When a master is started:

  1. The master grabs a unique master lock in Chubby.
  2. The master scans the servers directory in Chubby to find the live servers.
  3. The master communicates with every live tablet server to discover what tablets are already assigned to each server.
  4. The master scans the METADATA table to learn the set of tablets.
  5. Whenever this scan encounters a tablet that is not already assigned, the master adds the tablet to the set of unassigned tablets, which makes the tablet eligible for tablet assignment.

Read Request

image-20231030200933745

Steps:

  1. Check for well-formedness and proper authorization.
  2. Seek in memtable
  3. If not found, seek in SSTable Files from new to old. First use bloom filter to decide whether the data resides in the file, if true, look into the sparse index to find an approriate block, then perform a disk read.

Write Request

Steps:

  1. Check for well-formedness and proper authorization.
  2. A valid mutation is written to the commit log.
  3. After the write has been committed, its contents are inserted into the memtable.

Compactions

Three kinds of compactions are mentioned:

  • minor compaction
    • When the memtable size reaches a threshold, the memtable is frozen, a new memtable is created, and the frozen memtable is converted to an SSTable and written to GFS.
  • merging compaction
    • A merging compaction reads the contents of a few SSTables and the memtable, and writes out a new SSTable.
  • major compaction
    • A merging compaction that rewrites all SSTables into exactly one SSTable.

Performance

Locality groups

Clients can group multiple column families together into a locality group. A separate SSTable is generated for each locality group in each tablet.

For example:

Page metadata in Webtable can be in one locality group, and the contents of the page can be in a different group: an application that wants to read the metadata does not need to read through all of the page contents.

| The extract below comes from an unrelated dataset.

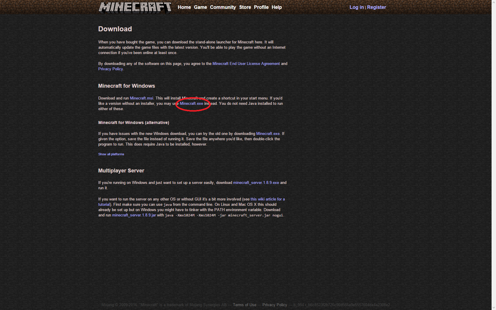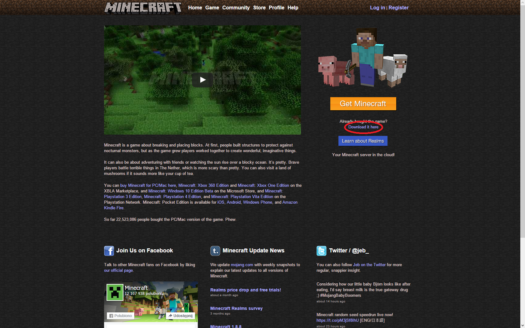 Skąd pobrać? Dostępnych opcji mamy wiele, lecz ja pokaże tylko 2. Jedną z nich będzie z orginalnej strony https://minecraft.net. Następnie klikamy "Download it here"

Caching for read performance

Two levels of caching:

  • The Scan Cache
    • caches the key-value pairs returned by the SSTable interface to the tablet server code.
    • useful for applications that tend to read the same data repeatedly.
  • The Block Cache
    • caches SSTables blocks that were read from GFS.
    • useful for applications that tend to read data that is close to the data they recently read.

Commit-log implementation

原本是每个 tablet 都有自己的提交日志,这样对底层的 GFS 不友好,相当于每时每刻都在做大量不同文件的顺序写操作(某种程序上就相当于是随机写了),破坏了 SSTable 顺序写的特性,会造成严重的性能开销。

所以作者决定每一台 tablet server 只有一个提交日志,即所有的 tablets 共享该日志。有一个问题是当服务器失效后,假设有其他 100 台服务器要重新分配之前的 tablets,那么这个日志就会被读取 100 次。解决方法就是按照 〈table, row name, log sequence number〉 先排个序,这样每个服务器就只会读相应的一部分。

所以在 minor compaction 时,当 memtable 写入到磁盘时 commit log 并不会被清空,而是更新 redo point,即重新记录该 tablet 的 memtable 对应的日志开始的地方。重建 memtable 时就从 redo point 那里开始重新应用对应的更改。